_EXERCISE GOAL_
Set down the data again exactly. Pictures are not part of the copy.
EXERCISE DATA START
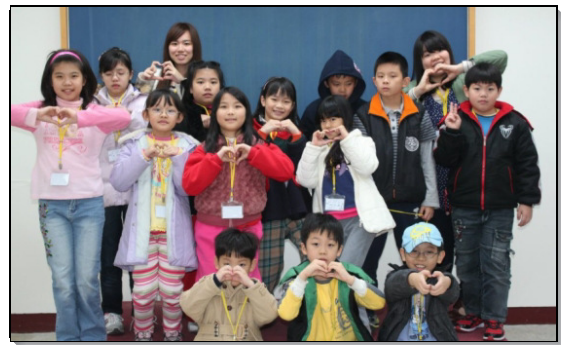
▲參加品格園之兒童與服事者合影

主說，『讓小孩子到我這裏來，不要禁止他們』（太十九14）。願主繼續祝福兒童品格園，藉這機會得著更多兒童及家長。（林復興）
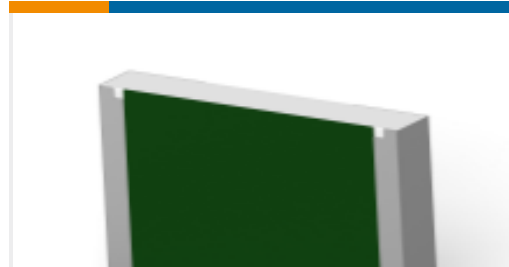
TE 产品编号9-2176401-5 3540 100R 5%
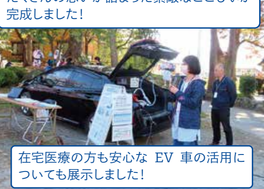
在宅医療の方も安心なEV車の活用についても展示しました!
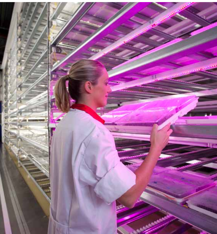
Ter vergelijking: links TL groeilicht, rechts LED groeilicht
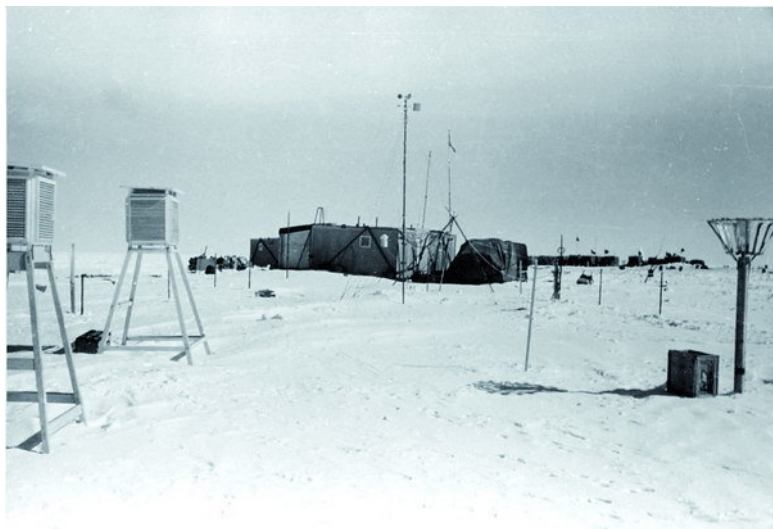
Станция Восток. 1957 год

тиды, где зимой царит жесточайший холод, под многокилометровой ледяной толщей будет обнаружен уникальный реликтовый водоем – озеро, названное впоследствии Восток. Итак, станция «Восток» была заложена 16 декабря 1957 года. Эта дата стала примечательной для станции и другим событием – в этот день была зафиксирована самая высокая температура – минус 13,6 градуса по Цельсию. До сего дня так «тепло» на станции больше не было.
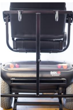
Karma 741 el-scooter vist bagfra med rollatorstativ (rollatorstativ er tilkøb)
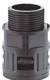
0333.000.040 Ploché těsnění FR-M M40x1,5
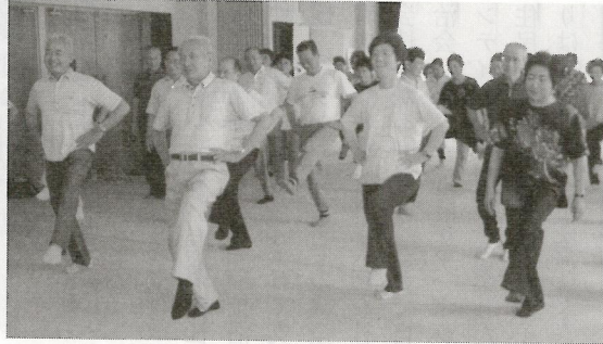
介護予防教室 7月11日 (各務原区コミュニティセンター)

さて、この八月は社協会員の継続並びに、新規加入の募集本番の月間です。特に一軒一軒訪問される班長さんと、まとめられる自治会長さんには大変お世話になります。勿論社協役員も総力で全世界帯加入の活動を展開しますので、皆様のご協力をお願いします。
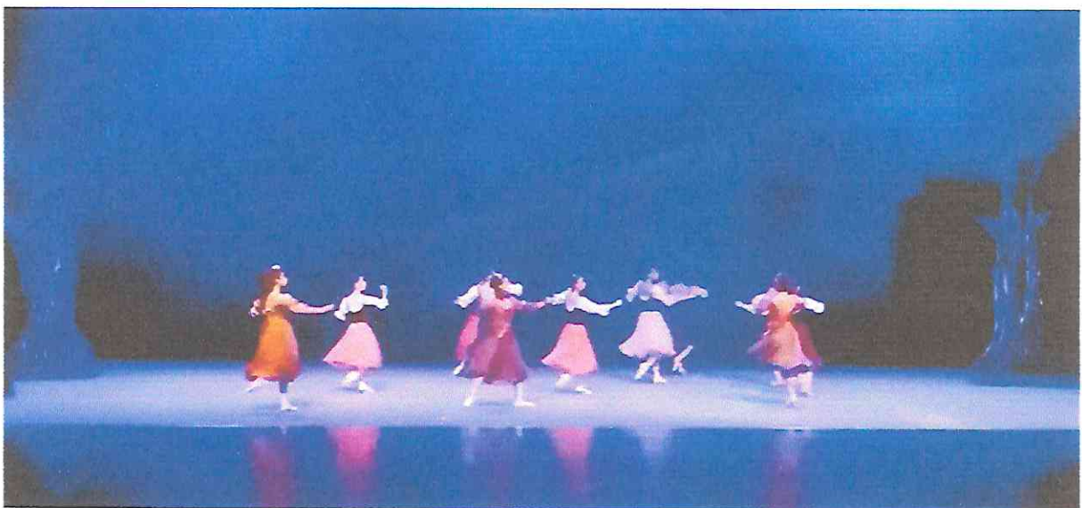
Participación artística como Bailarina de Conjunto, en la obra "La Bella y la Bestia"
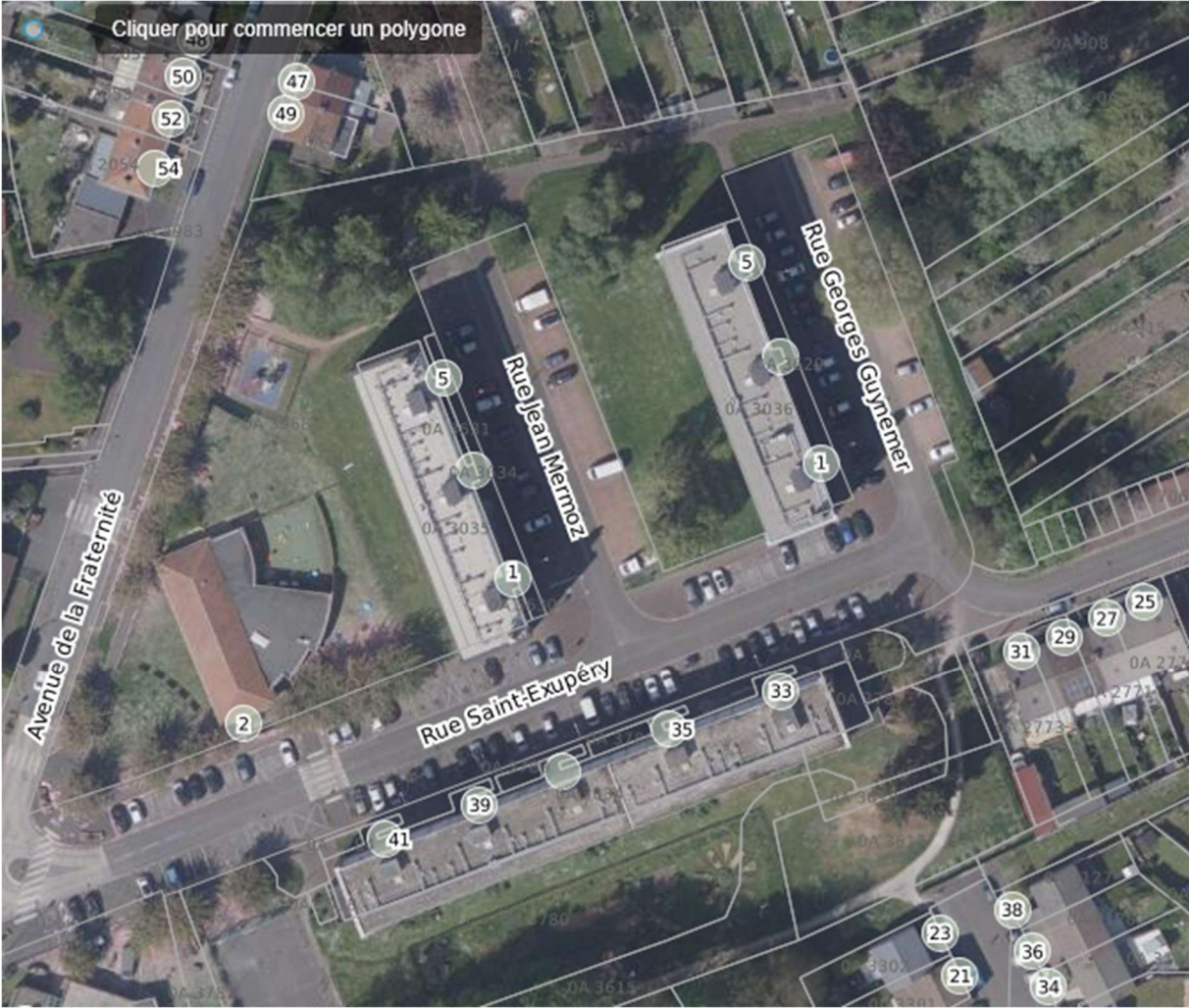
Exemple des délaissés objet de la vente au bailleur.
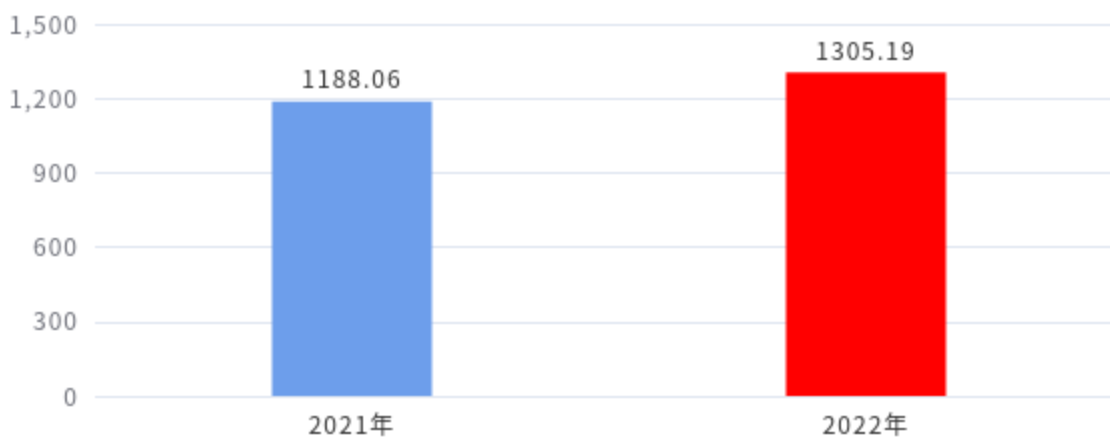
收入、支出决算总计对比图（单位：万元）

2022年度收入总计、支出总计均为1,305.19万元，与上年相比收入总计、支出总计均增加117.13万元，增长9.86%，增长的主要原因是：新招录人员以及应急管理、防灾减灾、安全生产等中心工作支出增加。
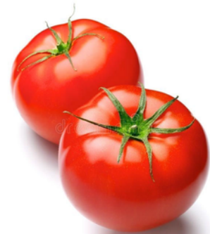
Pomidoras – raudonas, apvalus.
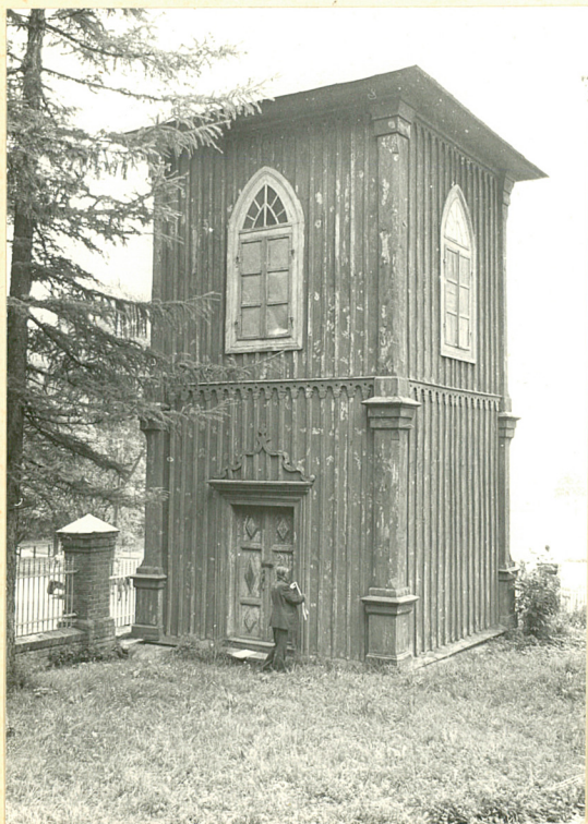
Widok od strony kościoła.

Dzwonnica typu "brogowego", z bogatym zdobnictwem architektonicznym.
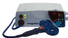
Simulation magnétique Magstim
EXERCISE DATA END
_ANSWER FOR THIS EXERCISE_
▲參加品格園之兒童與服事者合影

主說，『讓小孩子到我這裏來，不要禁止他們』（太十九14）。願主繼續祝福兒童品格園，藉這機會得著更多兒童及家長。（林復興）
TE 产品编号9-2176401-5 3540 100R 5%
在宅医療の方も安心なEV車の活用についても展示しました!
Ter vergelijking: links TL groeilicht, rechts LED groeilicht
Станция Восток. 1957 год

тиды, где зимой царит жесточайший холод, под многокилометровой ледяной толщей будет обнаружен уникальный реликтовый водоем – озеро, названное впоследствии Восток. Итак, станция «Восток» была заложена 16 декабря 1957 года. Эта дата стала примечательной для станции и другим событием – в этот день была зафиксирована самая высокая температура – минус 13,6 градуса по Цельсию. До сего дня так «тепло» на станции больше не было.
Karma 741 el-scooter vist bagfra med rollatorstativ (rollatorstativ er tilkøb)
0333.000.040 Ploché těsnění FR-M M40x1,5
介護予防教室 7月11日 (各務原区コミュニティセンター)

さて、この八月は社協会員の継続並びに、新規加入の募集本番の月間です。特に一軒一軒訪問される班長さんと、まとめられる自治会長さんには大変お世話になります。勿論社協役員も総力で全世界帯加入の活動を展開しますので、皆様のご協力をお願いします。
Participación artística como Bailarina de Conjunto, en la obra "La Bella y la Bestia"
Exemple des délaissés objet de la vente au bailleur.
收入、支出决算总计对比图（单位：万元）

2022年度收入总计、支出总计均为1,305.19万元，与上年相比收入总计、支出总计均增加117.13万元，增长9.86%，增长的主要原因是：新招录人员以及应急管理、防灾减灾、安全生产等中心工作支出增加。
Pomidoras – raudonas, apvalus.
Widok od strony kościoła.

Dzwonnica typu "brogowego", z bogatym zdobnictwem architektonicznym.
Simulation magnétique Magstim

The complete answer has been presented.